[Coco] Re: Coco Digest, Vol 10, Issue 24
farna at att.net
farna at att.net
Sun Aug 8 05:03:12 EDT 2004
You're right -- I forgot the joysticks are basically potentiometers for voltage, not resistance. Which puts me back to how the heck I intended to read resistance with them. I had a simple circuit and short routine for that, think I got it from a Rainbow program, but probably not the one I was thinking about. I don't recall now, was around 10 years ago that I stopped. Since the MC-10 only has a serial port for useable I/O, and the CoCo board is just to big, there's no point in pursuing this idea. Unless it was mounted in the trunk... but then you have 8-10 feet of cable going to and from I/O, which would just add resistance and cause other problems... yes, I seem to recall considering and rejecting that idea! There would be 3-4 feet of wiring from under the dash to under the hood anyway! Oh well, these are some of the reasons I dropped the project, plus cost. Looks like the only snae way to go about it would be to use a separate PIC controller and LED display for each gauge. That's probably why a Dakota Digital gauge setup costs $500 for a six gauge system. I doubt I could build one for half that, plus I'd have to learn the programming.
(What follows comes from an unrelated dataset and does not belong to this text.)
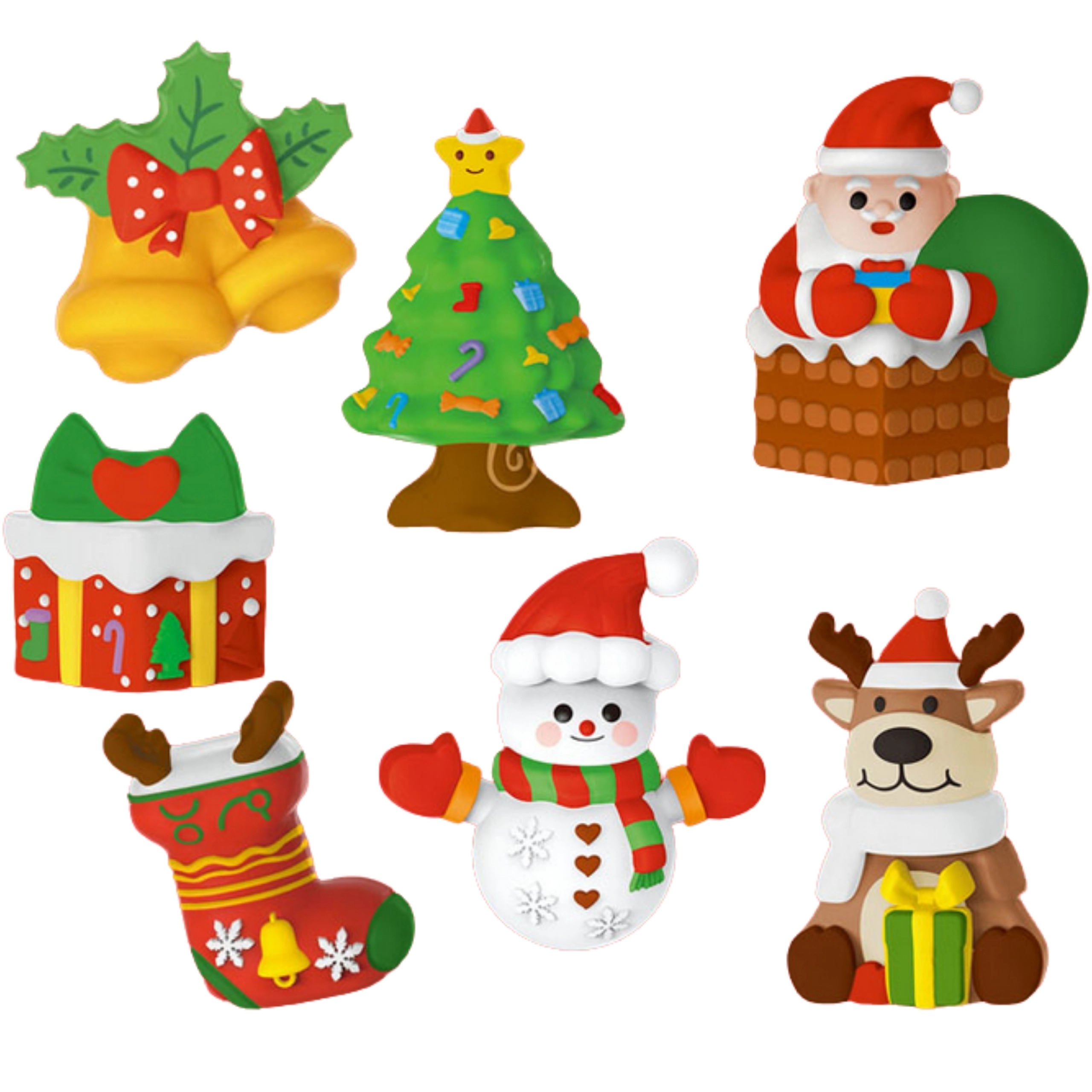 - Karácsonyi motívumok (Mikulás, karácsonyfa, rénszarvas, zokni, ajándék, csengő stb.)

The idea of programming a VIC-20 for all this is plain scary! I don't know of anyone who really LIKED Commodore BASIC, though many tolerated it (or just didn't know any better). I've seen the LED graph type gauges, but would rather have a numeric readout as it would be more accurate. LEDs in 5 mph steps would be good enough though.
Reading all this stuff from you guys does give me the idea again, plus I've been looking at comercially available digital gauges and going into shock. Digital gauge technology is ancient now, there's no reason for it to be so damned expensive! One processor should be able to handle it all with a graphic display. An old 386 or 486 notebook has the power, but can't relocate the screen so easy. Maybe I could find one of the early 386 tablet type computers used. That might work for another car, but the shape of the dash in my 63 Classic would have to be altered to much, and I like the vintage look. Altering the dash that much would destroy the "feel" of the car.
The hurdles are what's causing the lack of interest more than anything else! The task just gets more daunting the more I think about it in a rational way. If the circuits you have drive LED characters I might be interested, but not interested LED bar graphs. Two digit display should be adequate, though I think I'd go with three for the speedo anyway.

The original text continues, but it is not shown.